A more objective criterion is suggested by this pithy quote:

“What I cannot create, I do not understand.” - Richard Feynman

This is a very famous quote, but it’s not entirely unambiguous. If we’re going to use it as a guide, we’ll first have to break it down a little.

The most common interpretation might be, “what I cannot explain to a layperson or to a curious child, I do not understand.” Feynman unambiguously valued the ability to explain complex physics in plain English, as exemplified in this anecdote:

Before the commercial announcement of the Connection Machine CM-1 and all of our future products, Richard would give a sentence-by-sentence critique of the planned presentation. “Don’t say ‘reflected acoustic wave.’ Say [echo].” Or, “Forget all that ‘local minima’ stuff. Just say there’s a bubble caught in the crystal and you have to shake it out.” Nothing made him angrier than making something simple sound complicated. - Danny Hillis

As has often been remarked, explaining things well is often just as beneficial to the teacher as to the student; it helps reinforce ideas and builds intuition.

If that is all that Feynman had meant, though, why use the term “create” at all? Surely “explain” or “teach” is closer to the meaning discussed above. So while “explain in simple terms” is certainly part of it, “create” includes more than just that.

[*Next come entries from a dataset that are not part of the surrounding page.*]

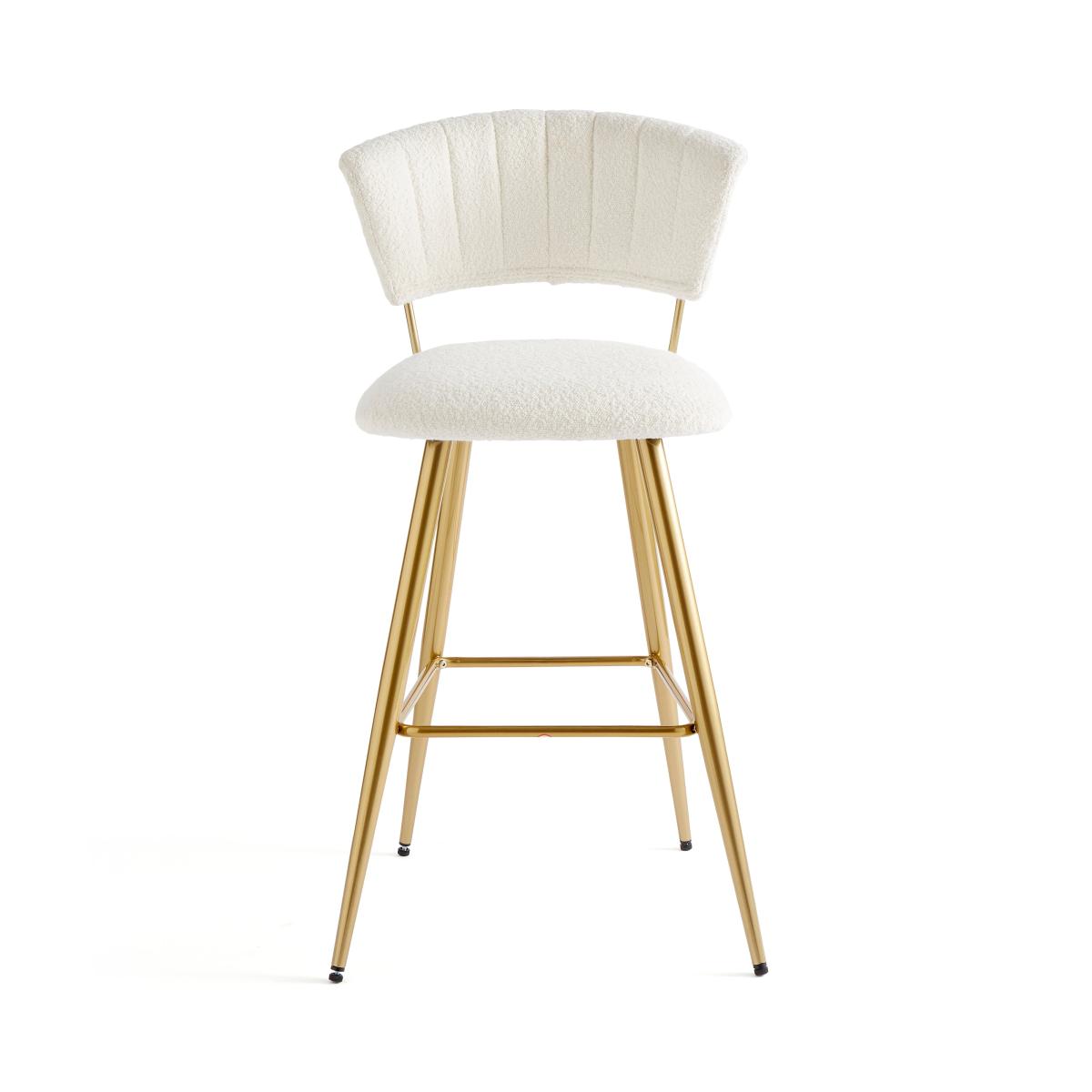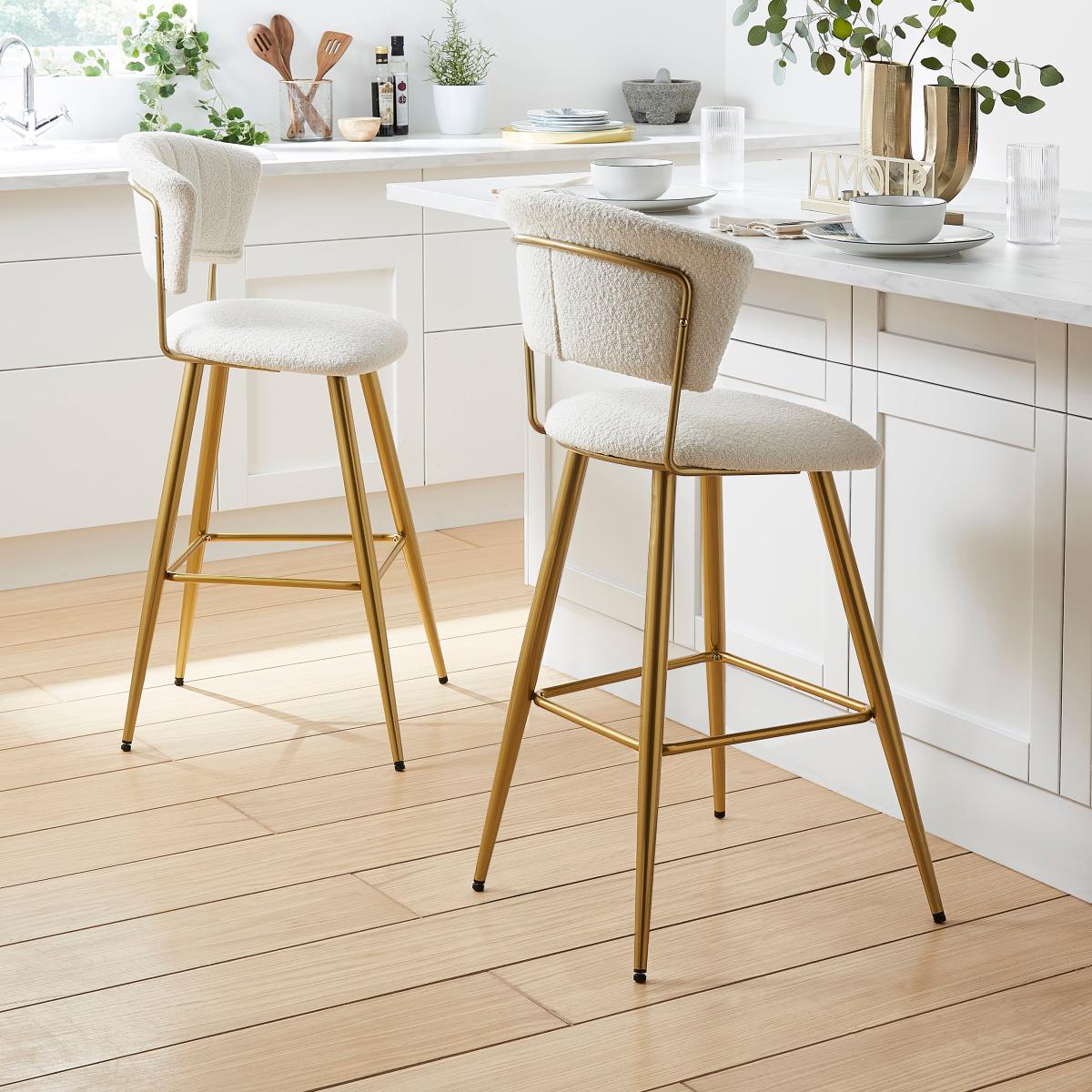 I love this stool because of its versatile and clean design, blending a plush bouclé seat with sleek, gold-toned legs for a timeless look. It works well in both contemporary and classic interiors, especially in kitchens or breakfast bars where a touch of luxury is desired without sacrificing practicality. To style it effectively, consider pairing it with neutral tones or contrasting textures to make it stand out, and keep the surrounding space uncluttered to highlight its sophisticated yet understated appeal. Its comfortable seat and chic finish make it ideal for daily use and a stylish addition to any casual dining or bar area.
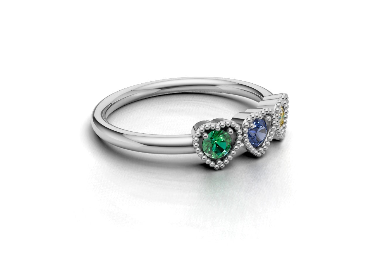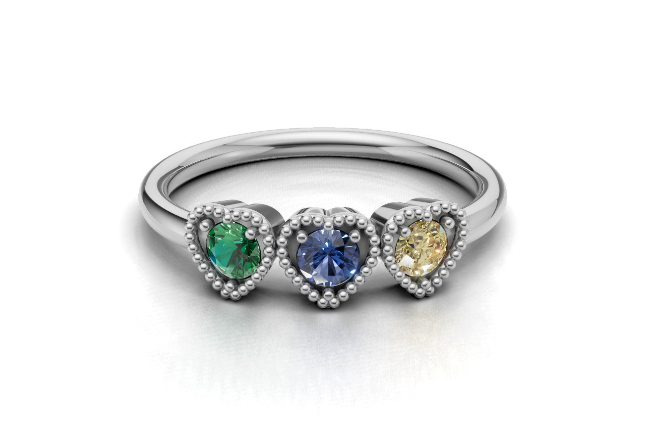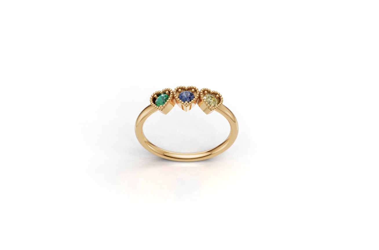14K Gold Ring Heart with 3 Stones, STT: 3-Prong, Filigree
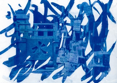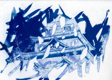 En el año 2024 cumplí uno de mis sueños al viajar a Japón. El proyecto consistió en un viaje en solitario por el país mientras realizaba un reportaje fotográfico y un cuaderno de artista que recogía composiciones de mis días de viaje. A partir de estos dos elementos comencé a producir una línea completa de piezas que van desde la cianotipia hasta el libro de artista, pasando por el grabado o la pintura.
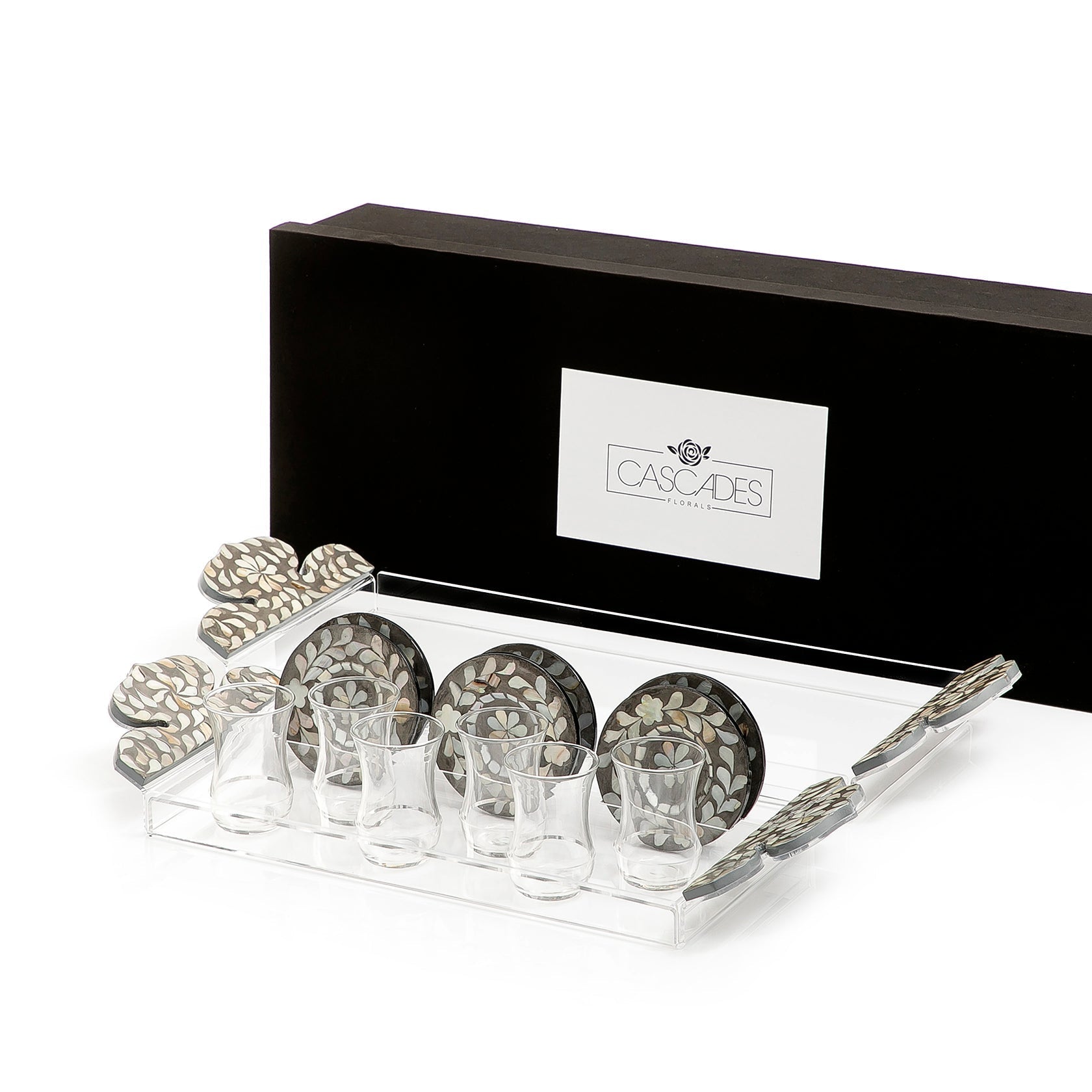 Set of 2 acrylic trays with M.O.P coasters and glasses
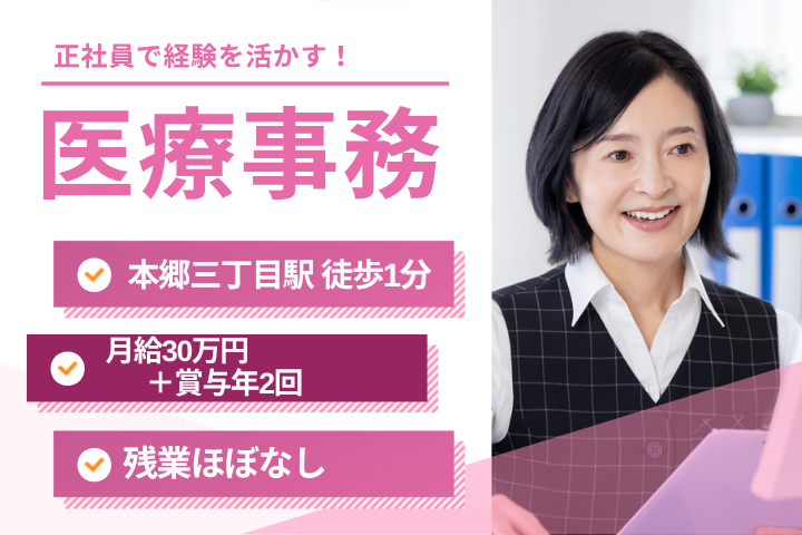 【本郷三丁目駅徒歩1分】月給30万円&賞与2回*医療事務経験者歓迎のクリニック受付スタッフ募集♪

Feynman gives us a clue in this story from his autobiography:

“During the conference I was staying with my sister in Syracuse. I brought the paper home and said to her,”I can’t understand these things that Lee and Yang are saying. It’s all so complicated."

“No,” she said, “what you mean is not that you can’t understand it, but that you didn’t invent it. You didn’t figure it out your own way, from hearing the clue. What you should do is imagine you’re a student again, and take this paper upstairs, read every line of it, and check the equations. Then you’ll understand it very easily.”

I took her advice, and checked through the whole thing, and found it to be very obvious and simple. I had been afraid to read it, thinking it was too difficult." - Richard Feynman, Surely You’re Joking, Mr. Feynman!

So in the context of math or physics, “create” means something closer to “derive from first principles by hand.” This is a very strong criteria! If a person could go into an empty office with a stack of scratch paper and a supply of sharp pencils, write down all first principles and proceed to derive every important theorem in their chosen field by hand then it must be conceded that such a person has some real knowledge.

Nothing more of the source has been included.